One thing the entrenched players have going for them is elaborate distribution systems needed to get to individual teachers one at a time, one of the reasons for the plan’s high fees, Holman adds. That’s not Vanguard’s strategy.

Instead, it will identify the top third-party administrators that work with school districts and broach a partnership with them. 

“The new Vanguard-Newport offer has capabilities and services that is a nice complement to the financial guidance that they can get from these advisors,” Holman says. “That could be a scalable way for us to get out there, to have that broad reach, if we can find enough advisors we’re aligned with.”

Many advisors are initially turned off because they see a complex space, a “riddle wrapped in an enigma,” Dauenhauer says. 

His mission is to correct those assumptions and demystify the space. He is guiding other fiduciary advisors on how to work with teachers, putting out a lot of content around the topic and helping others see the opportunities. 

A Mission to Modernize the 403(b) Market

Another factor holding advisors back is that the fee-based model doesn’t work with most of the current vendors selling products to teachers. The advisor can guide a teacher toward a Vanguard or Fidelity option, but they won’t be able to service the account.

A handful of technology platforms and record-keepers see that as an opportunity. 

Aspire launched a 403(b) vendor option in 2007-2008 and now is in over 6,000 school districts across the country. The company has built an open-architecture platform that can be white-labeled by advisors, who can layer on their compensation as they negotiate with the client. 

But distribution is a challenge because, unlike annuity providers, Aspire is not sending salesmen into school lunchrooms. They’re slowly building up a presence through word of mouth and partnering with administrators, said Matt Drummond, national sales director of individual accounts. 

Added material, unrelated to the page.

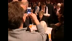 Was macht die Kanzlerin der Bundesrepublik Deutschland, wenn ihr fünf Gläser Bier in den Nacken geschüttet werden? Sie macht ihren Job.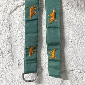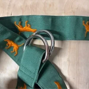 Vineyard Vines D-ring Green Belt with Orange Embroidered Dog Motifs Sz L EUC RARE!

FPS Group in Centennial, Colo., has built the Investment Provider XChange (IPX), a modernized record-keeping and trust and custody platform that allows fee-based and fee-only advisors to build their own portfolios within these school plans. Managing Director James Olson likens it to an Envestnet for 403(b)s, because there are third-party strategists available and a fund portal, as well as the ability for advisors to create their own investment program—participants can even self-direct their own account. 

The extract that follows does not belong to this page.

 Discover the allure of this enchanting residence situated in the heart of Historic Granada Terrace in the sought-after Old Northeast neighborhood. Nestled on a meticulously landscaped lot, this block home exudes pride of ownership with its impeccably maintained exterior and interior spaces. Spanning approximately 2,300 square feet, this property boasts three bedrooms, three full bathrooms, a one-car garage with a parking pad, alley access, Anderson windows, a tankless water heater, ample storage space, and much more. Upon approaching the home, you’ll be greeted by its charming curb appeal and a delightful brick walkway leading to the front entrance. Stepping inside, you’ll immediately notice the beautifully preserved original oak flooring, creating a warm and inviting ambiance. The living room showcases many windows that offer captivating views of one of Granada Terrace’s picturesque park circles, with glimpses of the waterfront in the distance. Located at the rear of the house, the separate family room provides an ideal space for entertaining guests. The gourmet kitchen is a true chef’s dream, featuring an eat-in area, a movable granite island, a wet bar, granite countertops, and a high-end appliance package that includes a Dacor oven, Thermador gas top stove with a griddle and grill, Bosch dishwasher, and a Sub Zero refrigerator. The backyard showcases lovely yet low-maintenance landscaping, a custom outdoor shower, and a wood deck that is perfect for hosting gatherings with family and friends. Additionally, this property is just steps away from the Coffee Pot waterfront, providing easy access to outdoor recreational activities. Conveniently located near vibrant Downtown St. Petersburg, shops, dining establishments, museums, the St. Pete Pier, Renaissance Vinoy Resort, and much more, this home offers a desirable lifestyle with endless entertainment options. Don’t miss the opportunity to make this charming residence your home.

“I've been on a mission to modernize the 403(b) market for at least a decade, if not longer,” Olson said. “I think the narrative is changing in the space for the better.”

IPX is currently in more than 3,000 plans around the country and has $32 billion in assets under administration, Olson says. 

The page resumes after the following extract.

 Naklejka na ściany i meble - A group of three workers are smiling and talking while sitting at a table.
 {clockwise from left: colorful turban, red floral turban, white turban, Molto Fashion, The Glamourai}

The goal is to create a structure using technology to get access into the plans for RIAs and product manufacturers, Olson said. “[IPX is] very customizable using an open architecture background … it brings your brand, your fees, and your construct of your product into the platform that you use with your participants.”

As for McEvoy, her district now uses Aspire, so she has access to Vanguard funds for 60 basis points through the platform; she’s also paying her advisor, Dina Isola (Tony’s wife), a fee to manage the account and provide financial advice. But, “it’s all transparent, and now I’m able to see exactly what’s coming out,” McEvoy says.